After Richard Russell and XL helped Gil Scott-Heron’s discography end on a high note before he passed away almost exactly a year ago with I’m New Here and the subsequent Jamie xx-assisted remix album, the label turned their attention to another musical legend who had struggled through drug issues, Bobby Womack.
The process of re-invigorating Womack’s musical career had of course, already begun thanks to Damon Albarn on Gorillaz’s Plastic Beach album and tour. Womack’s raspy voice screeching out the speakers on ‘Stylo’ was like a blast of air from some onmipotent god, not of this world. It was the first time that Womack had been heard on a popular record in quite a while. And so we turn to what Bobby Womack considers his first real solo album in 18 years (it’s been 12 since a Christmas album).
“I had given up on music. I didn’t have the desire that you have to have. I assumed that I’d stayed in the business too long… like an old fighter.” .
The Gorillaz appearances, an induction into the Rock And Roll Hall Of Fame and the cocaine and alcohol addictions behind him, Womack was ready to start fresh. Now facing a brand new audience and generation thanks to Gorillaz, Albarn and Russell took up the task of producing a new album and what a return it is.
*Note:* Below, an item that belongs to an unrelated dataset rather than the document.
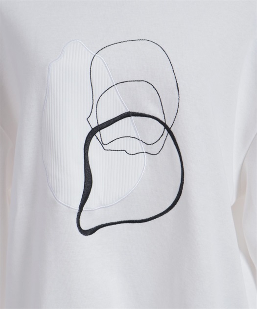 主張しすぎない刺繍ディテールが上品なアクセントになり、デイリーに取り入れやすいバランスに仕上げています。ほどよいゆとりのあるシルエットで着心地よく、リラックス感のある雰囲気が魅力です。
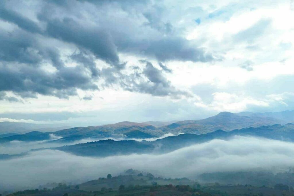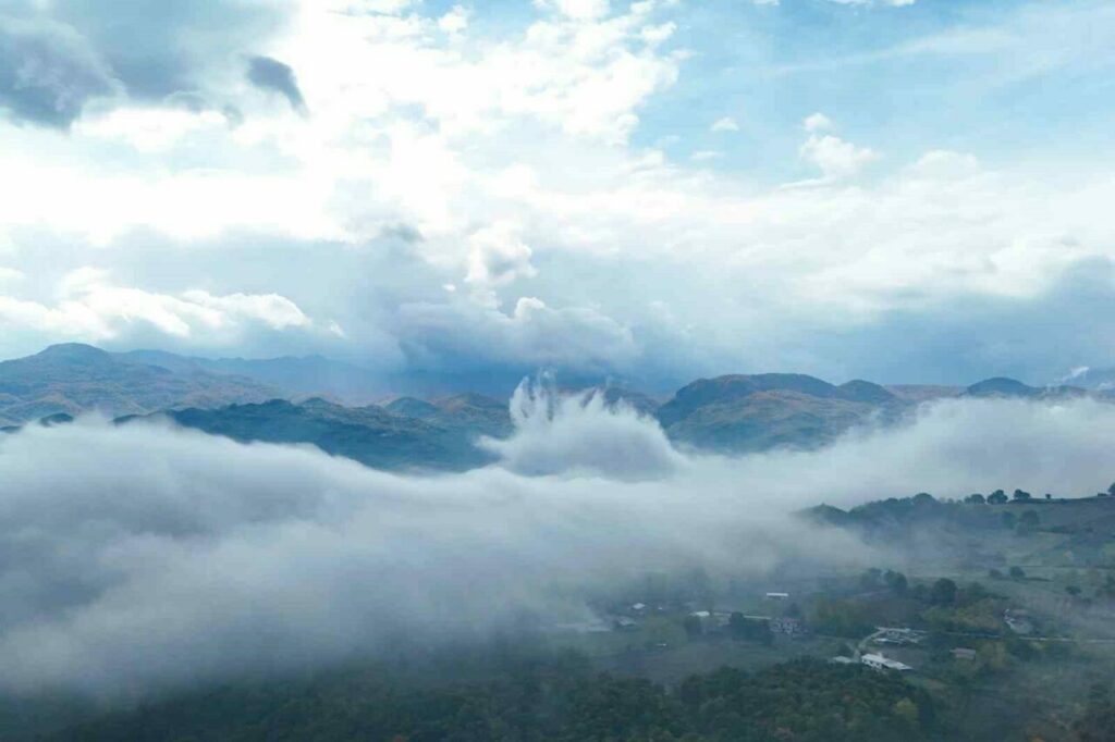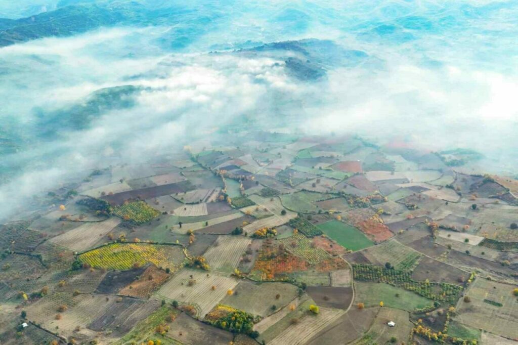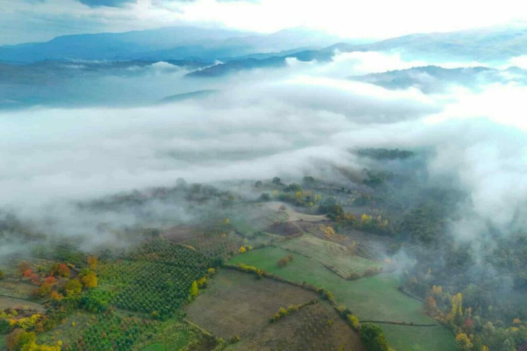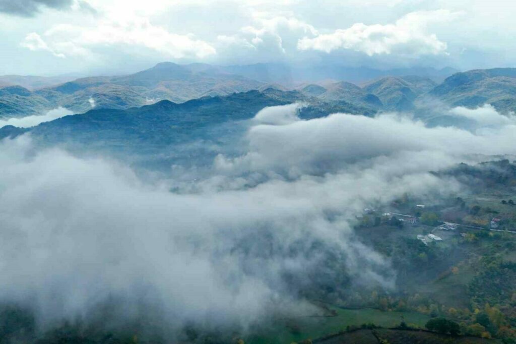 Yeşilin ve gri tonlarının iç içe geçtiği manzara, eşsiz bir görsel şölen oluştururken, bölgeye hakim atmosfer dron kamerasıyla ölümsüzleştirildi. Ödüllü Fotoğraf Sanatçısı Şaban Kılıçcı, bölgenin kartpostallık güzelliğini görüntüleyerek doğanın büyüleyici atmosferini izleyiciyle buluşturdu.

“As a singer grows older, his conception grows a little deeper because he lives life and he understands what he’s trying to say a little more.”
– Sam Cooke sample on ‘DayGlo Reflection’
On The Bravest Man In The Universe Womack sings in a voice burdened by legacy, hardship and experience. He’s a wise old man now at the age of 68 and he imparts his soulful knowledge in an uplifting manner set to a mix of electronic (drum machines and synths) and acoustic arrangements (guitar, piano), much like the texture of a Gorillaz record.
It’s a soul record but also an electronic one, putting Womack in a modern context. There are guest vocals from Lana Del Rey and the sweet Mali singer Fatoumata Diawara but neither sounds cheesy or crass. Neither does the album. Russell, Albarn and Womack worked on bringing a batch of original songs by Womack and his writing partner Harold Payne to life and the album is a melding of their own musical minds. Russell is all about the texture and mood, Albarn oversees the arrangements and Womack is the spirit guide. There are also two gospel renditions, the single guitar folk accompaniment of ‘Deep River’ and ‘Jubilee (Don’t Let Nobody Turn You Around)’ which is truly an electronic gospel celebration.
The result of all of this tinkering and texture is that the album occupies the same kind of space that Massive Attack records except Womack’s soul in both voice and character envelopes the arrangements brightening the dark edges, even though Womack is wrestling lyrically with big subjects: pain, redemption, love, grief, guilt and God.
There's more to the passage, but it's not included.